76.      Ten eerste is uit mijn analyse gebleken dat de toezichthoudende autoriteit over een discretionaire bevoegdheid beschikt om in elk individueel geval de passende maatregel te kiezen. Behoudens bijzondere omstandigheden die tot een beperking van deze discretionaire bevoegdheid kunnen leiden, zoals de ernst of de voortdurende impact van een inbreuk in verband met persoonsgegevens – die mijns inziens in casu niet aanwezig zijn – behoudt de toezichthoudende autoriteit deze discretionaire bevoegdheid. Aangezien administratieve geldboeten behoren tot de corrigerende maatregelen die de toezichthoudende autoriteit op grond van artikel 58, lid 2, AVG kan nemen, is het logisch om daaruit af te leiden dat die discretionaire bevoegdheid ook de vaststelling van die geldboeten omvat. Hieruit volgt dat de toezichthoudende autoriteit niet verplicht is om in het belang van de klager op te treden door een bepaalde corrigerende maatregel vast te stellen.

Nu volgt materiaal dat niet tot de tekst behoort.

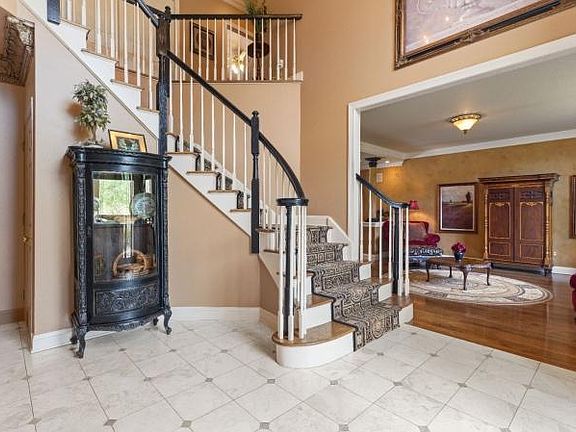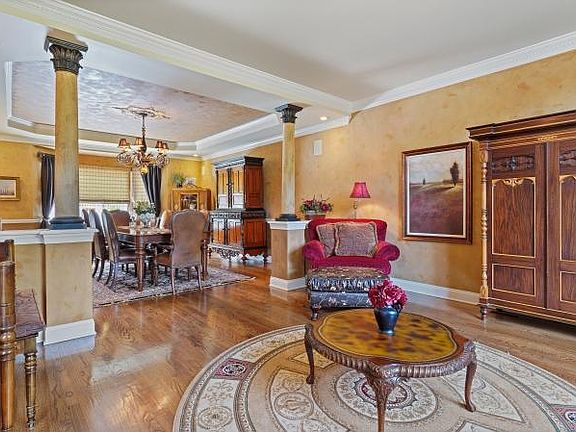 A Truly Stunning Home w/ Upgrades Galore! Marble fl in 2 story foyer, Kit w/ granite ctr, center isle, tumbled marble backsplash, Prof grade & top of the line appl- WOLF 6 bur Stove w/ griddle, Electrolux full size refrig & freezer, Wolf microwave and ice maker complete this chef's kit! Fam rm w/ stone FP, back staircase and sliders out to a travertine marble patio. Which leads into a gazabo, refreshing pool w/ hot tub, custom pizza oven and a fountain for great entertaining. Hardwood floors on first fl, den/office can be a 5th bdrm option, full bath on first floor. Beautiful plaster, dentil and crown moldings in home. MBR suite w/ dbl doors, tray ceiling, office area, WIC and large MSTR Bath w/ dbl sink and jacuzzi tub. Jack & Jill bath. Fin basement has spacious rec rm, w/ half bath, temp controlled wine cellar and large movie theater with MACINTOSH system in place with lighting and stadium seats that is all included! Close to schools, highways and shopping! Don't miss the opportunity to own this wonderful home!
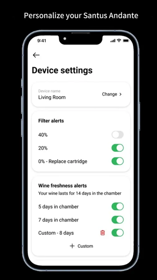Connect your Santus to your home Wi-Fi and receive notification about the status of your wine and machine anywhere you are. Personalize your Santus and receive wine promotions depending on your region !
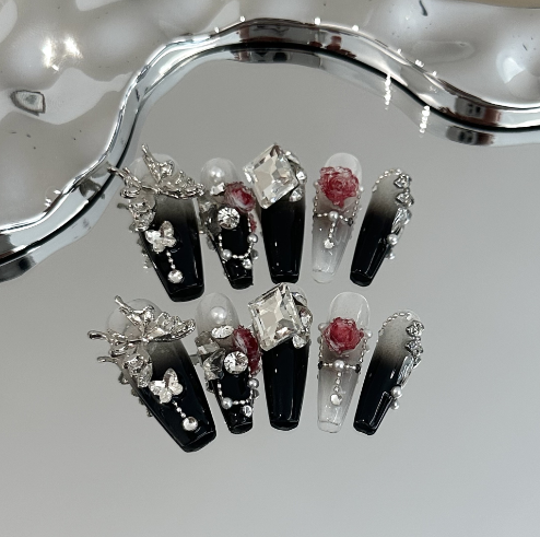 Handmade nails,shining nails,rose red,extra long coffin,butterfly,diamond,cat eye armor,banquet,for everyone
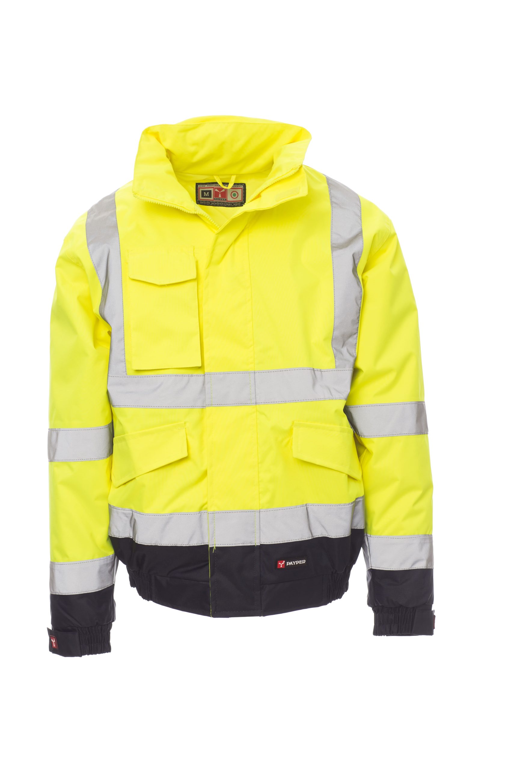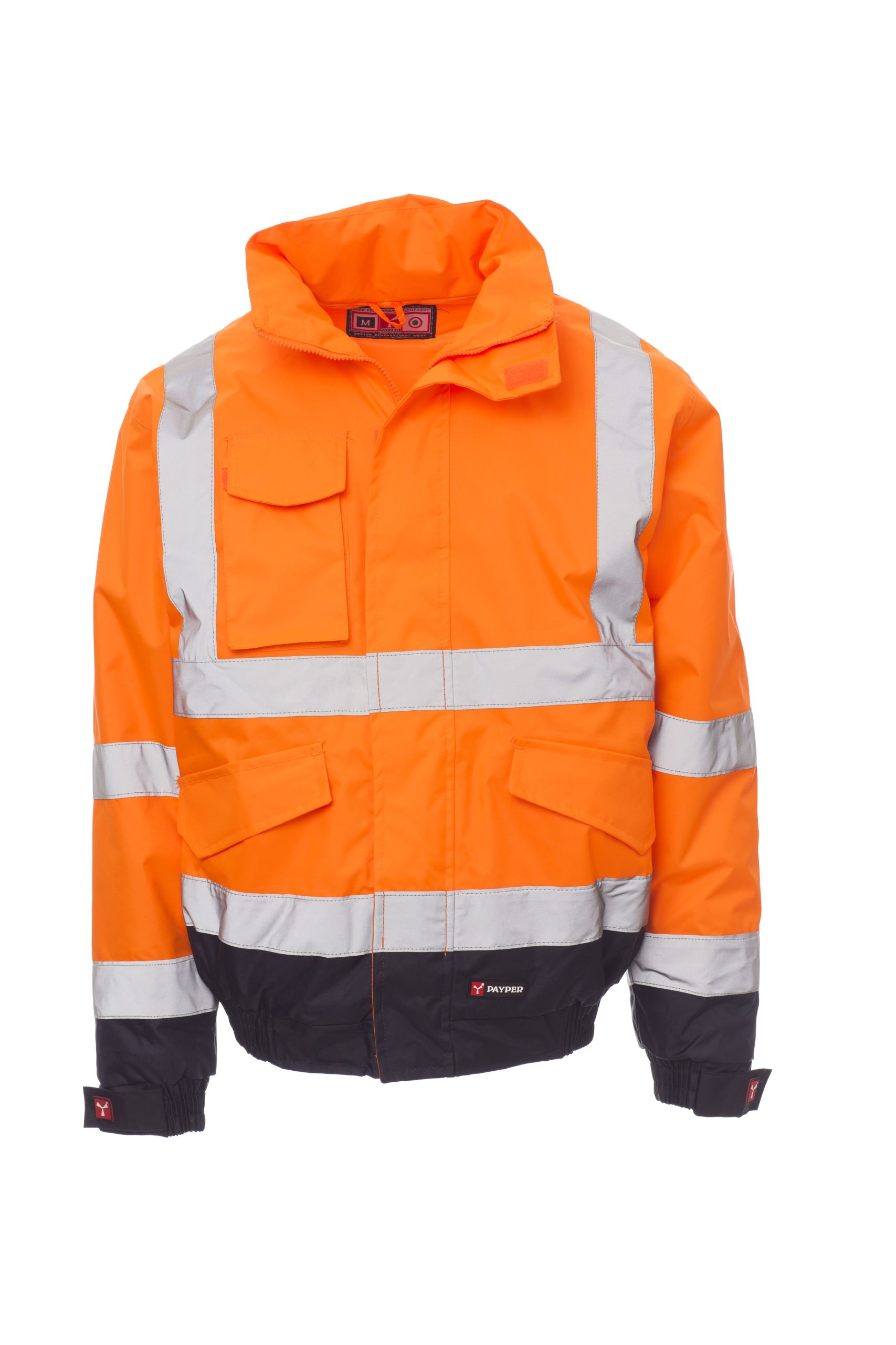 und Ärmelbündchen, 2 große Vordertaschen mit Klappe und Klettverschluss, Smartphone-Tasche und Ring zum Anhängen eines Ausweises.
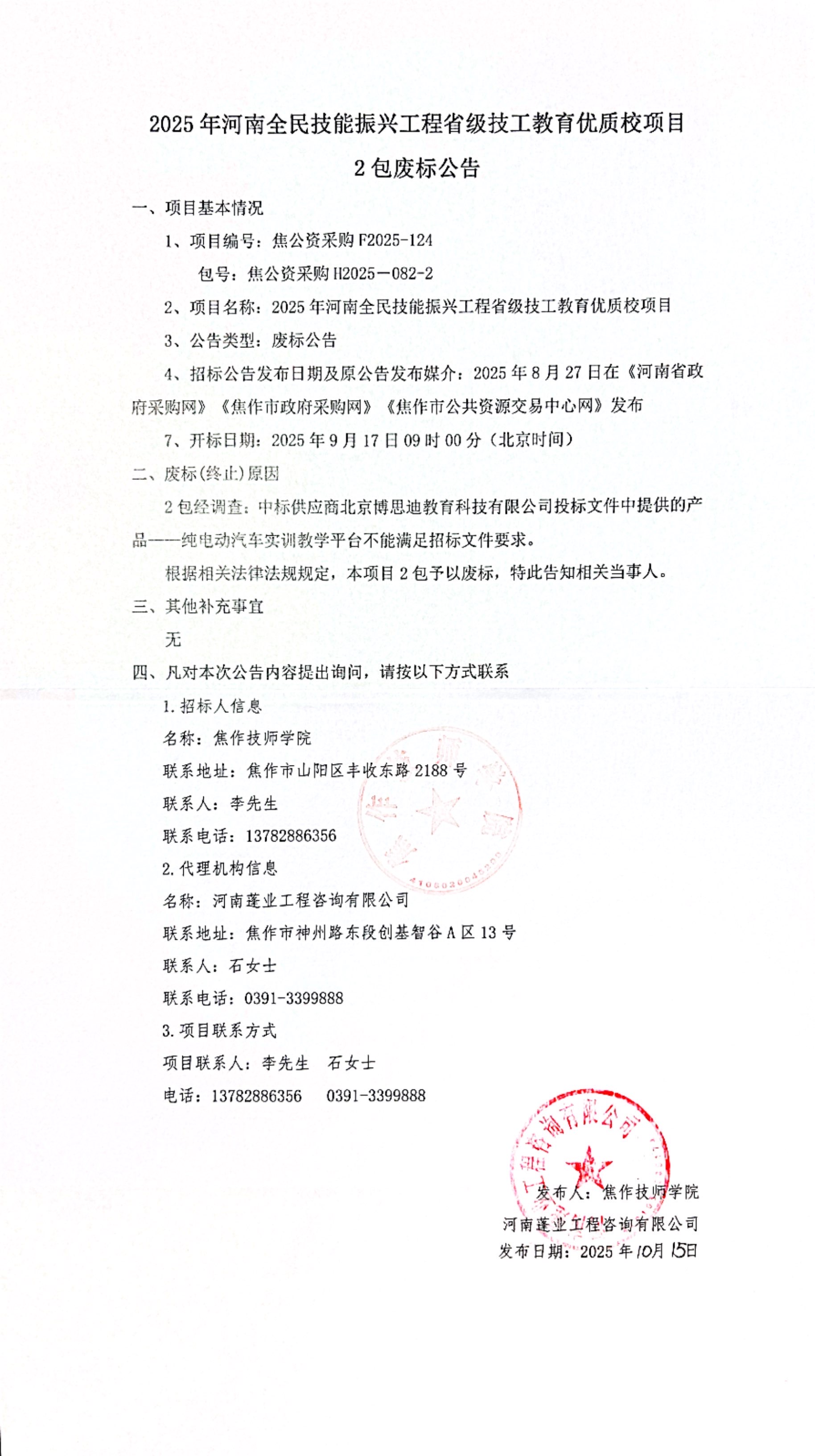 2025年河南全民技能振兴工程省级技工教育优质校项目2包废标公告
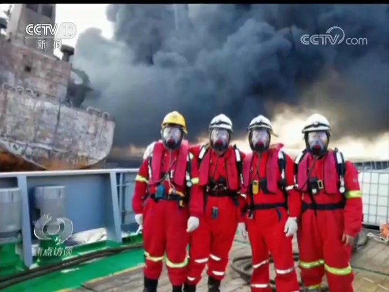 交通運(yùn)輸部東海救助局救助指揮處處長蔣文輝說:”除了前面當(dāng)時(shí)現(xiàn)場前頭一號(hào)艙跟首間艙的位置,后面整個(gè)都是在燃燒、爆炸以及濃煙覆蓋中,包括我們后面的那個(gè)生活區(qū),整個(gè)在爆炸和燃燒、濃煙中?!?/p>
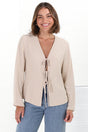 Peyton Top - Linen Tie Down Front Long Sleeve Lined Top in Beige
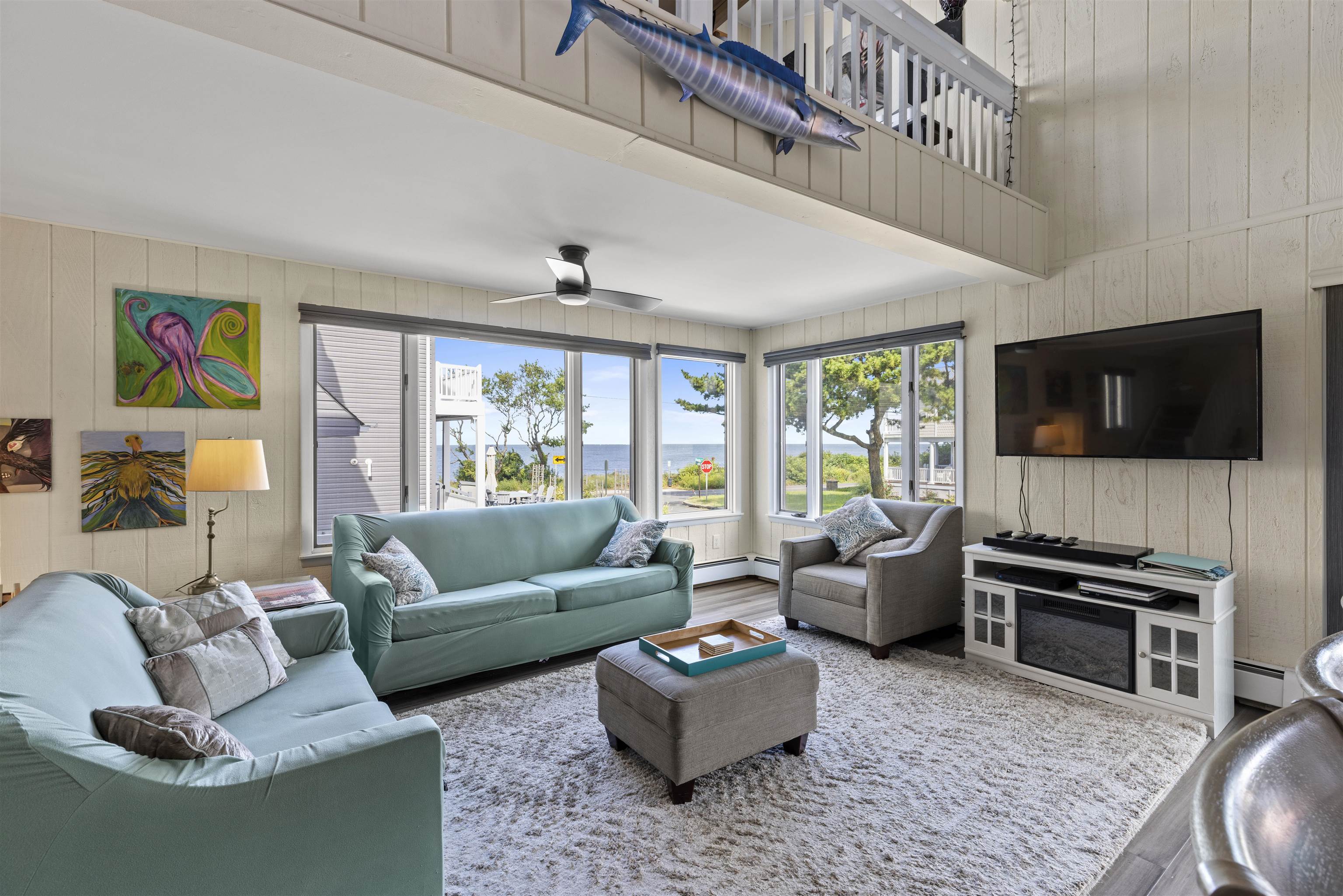 Welcome to your beachy escape--The current owner has begun packing. The owner has done recent updates to assist in selling and the new buyer will be responsible for their finishing touches in the future. This light-filled 3-bedroom, 2.5-bath coastal home blends relaxed with artistic flair, just a few barefoot steps from the shores of the Delaware Bay. Inside, breezy open spaces flow with natural light and bay views, creating a serene vibe from the moment you walk in. The main level features a spacious living room with chill, coastal energy and a chef-worthy kitchen that opens to a sun-drenched deck perfect for outdoor dinners, sunset sips, or sketching by the sea breeze. Two cozy bedrooms and a freshly renovated full bath complete the first floor, offering restful nooks with easy access to the heart of the home. Upstairs, a bright and airy loft overlooks the living space and captures dreamy water views ideal for a home studio, reading retreat, or guest overflow. The primary suite feels like a seaside sanctuary with its wall of windows, private en-suite bath, and convenient second-floor laundry. Wake up to water views and let the day unfold from there. There is a full mostly finished basement with new wall to wall carpet with Hot water baseboard heat and a Window air conditioner. easy access to the basement with indoor & outdoor access. Outside, the vibe is just as dreamy. A charming front porch invites morning coffee rituals, while the side porch and rear patio are perfect for creative gatherings or quiet moments in the salt air. The backyard is a private oasis, complete with a saltwater pool and hot tub for year-round relaxation or spontaneous pool parties under the stars. Need a spot for your surfboard, beach cruisers, or garden tools The detached shed has you covered. Bonus This gem is not in a flood zone. Don t miss this chance to own a little piece of the bay where creativity flows and beach life begins. Not counted in the Approx Living Square footage is the full basement, approx. 1104 Sq. Ft Exclusion list to follow
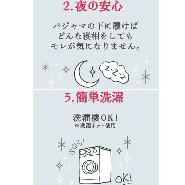 ●夜はパジャマの下に履けば、どんな寝相をしてもモレが気にならず、寝具を汚さず安心!

77.      Ten tweede kan, zelfs indien de omstandigheden van het onderhavige geval zodanig verschillend zouden zijn dat de vaststelling van een specifieke corrigerende maatregel gerechtvaardigd zou zijn, mijns inziens niet op goede gronden worden gesteld dat een administratieve geldboete moet worden opgelegd. Net zoals de Oostenrijkse regering ben ik van mening dat rekening moet worden gehouden met de doelstellingen van de verschillende corrigerende maatregelen die worden opgesomd in artikel 58, lid 2, AVG, en in het bijzonder de administratieve geldboete. Meer concreet verzet de juridische aard ervan zich mijns inziens tegen de erkenning dat de betrokkene een subjectief recht heeft in bovengenoemde zin, aangezien een van de doelstellingen van deze maatregel erin bestaat een gedraging te bestraffen die in strijd met het Unierecht wordt geacht. Ik ben van mening dat de administratieve geldboete wegens haar punitieve doel, althans in bepaalde situaties(37), en gelet op de mogelijke zwaarte ervan, strafrechtelijk van aard kan zijn.(38) In dit verband zij eraan herinnerd dat het recht om te straffen („jus puniendi”) uitsluitend toekomt aan de staat en zijn organen.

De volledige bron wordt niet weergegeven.